((

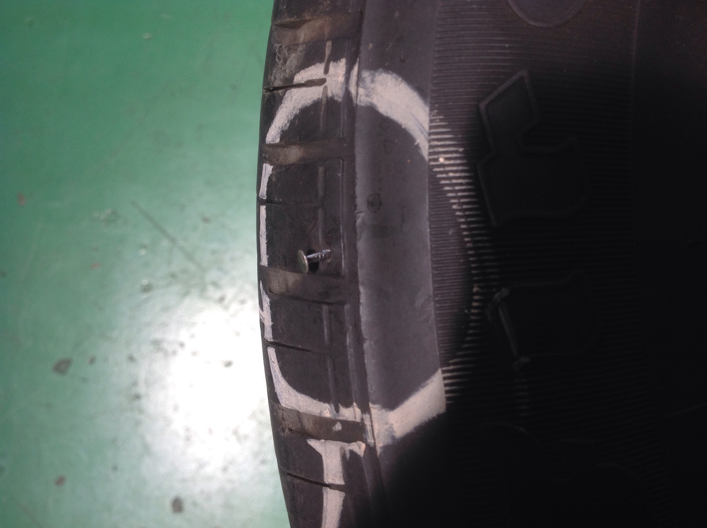 夏タイヤが1本、パンクしていました!(◎_◎;)
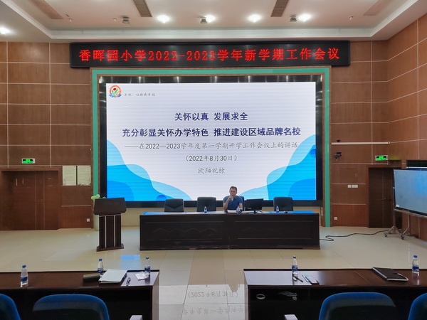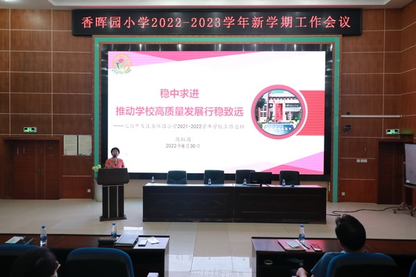 新學期,新目標;新起點,新征程。為推進學校新學期教育教學工作有序開展,8月30日上午,開發(fā)區(qū)香暉園小學在報告廳召開了新學期教師工作會議。本次會議由劉裕副校長主持,全體教師參加了本次會議。
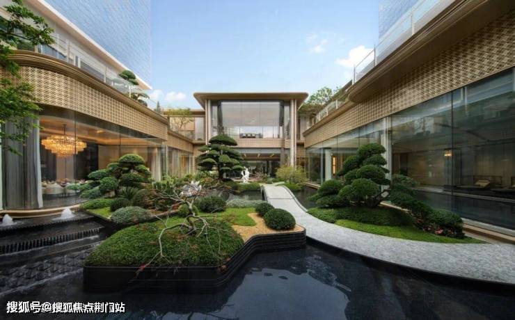 而豪宅圈人称「小宋总」的宋淑华先生,更是把众多奢华酒店的景观设计理念,融会贯通到了浩运府,中心水系汲取了苏梅岛六善酒店的灵感,下沉庭院看得到京都安缦庭院的模样,大草坪像极了伦敦圣詹姆斯公园的中心草坪,而用芳香花卉编织的“嗅觉盛宴”则来自新加坡植物园的营造灵感。
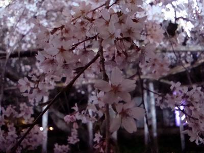 雨に濡れて、薄いピンク色の花びらが漆黒の夜空に映える姿は良いねぇ!
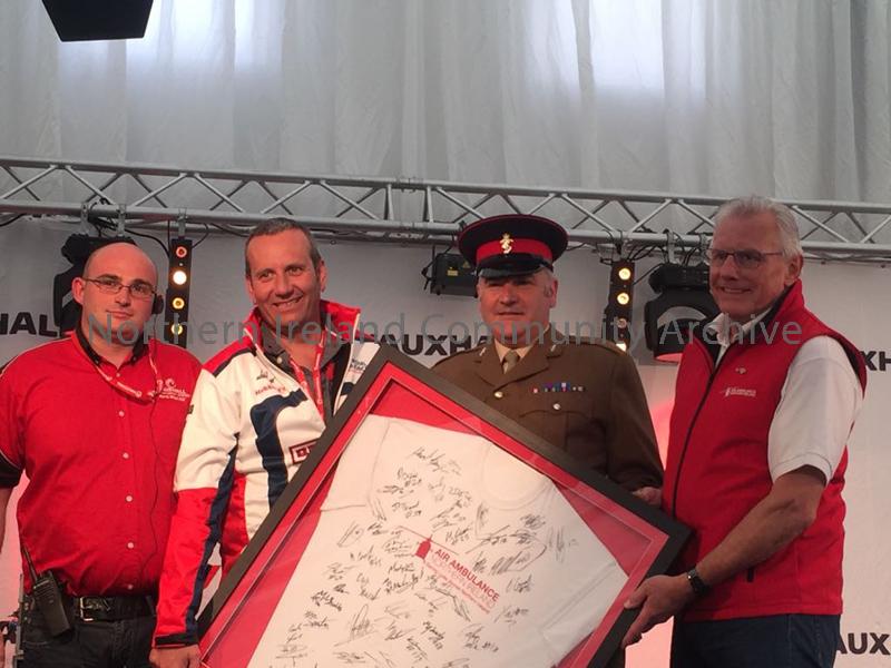 NW200 Scrutineers and assistants with Ian Crowe, AANI, with the autographed t-shirt. Race day Scrutineers tent. Taken by Gary McKillop (13/05/17).
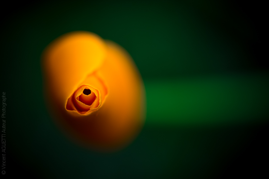 Un pavot de Californie sur fond noir.

))

▶ [Your objective]:
Return all the material exactly, skipping pictures.

▶ [Answer below]:
 夏タイヤが1本、パンクしていました!(◎_◎;)
 新學期,新目標;新起點,新征程。為推進學校新學期教育教學工作有序開展,8月30日上午,開發(fā)區(qū)香暉園小學在報告廳召開了新學期教師工作會議。本次會議由劉裕副校長主持,全體教師參加了本次會議。
 而豪宅圈人称「小宋总」的宋淑华先生,更是把众多奢华酒店的景观设计理念,融会贯通到了浩运府,中心水系汲取了苏梅岛六善酒店的灵感,下沉庭院看得到京都安缦庭院的模样,大草坪像极了伦敦圣詹姆斯公园的中心草坪,而用芳香花卉编织的“嗅觉盛宴”则来自新加坡植物园的营造灵感。
 雨に濡れて、薄いピンク色の花びらが漆黒の夜空に映える姿は良いねぇ!
 NW200 Scrutineers and assistants with Ian Crowe, AANI, with the autographed t-shirt. Race day Scrutineers tent. Taken by Gary McKillop (13/05/17).
 Un pavot de Californie sur fond noir.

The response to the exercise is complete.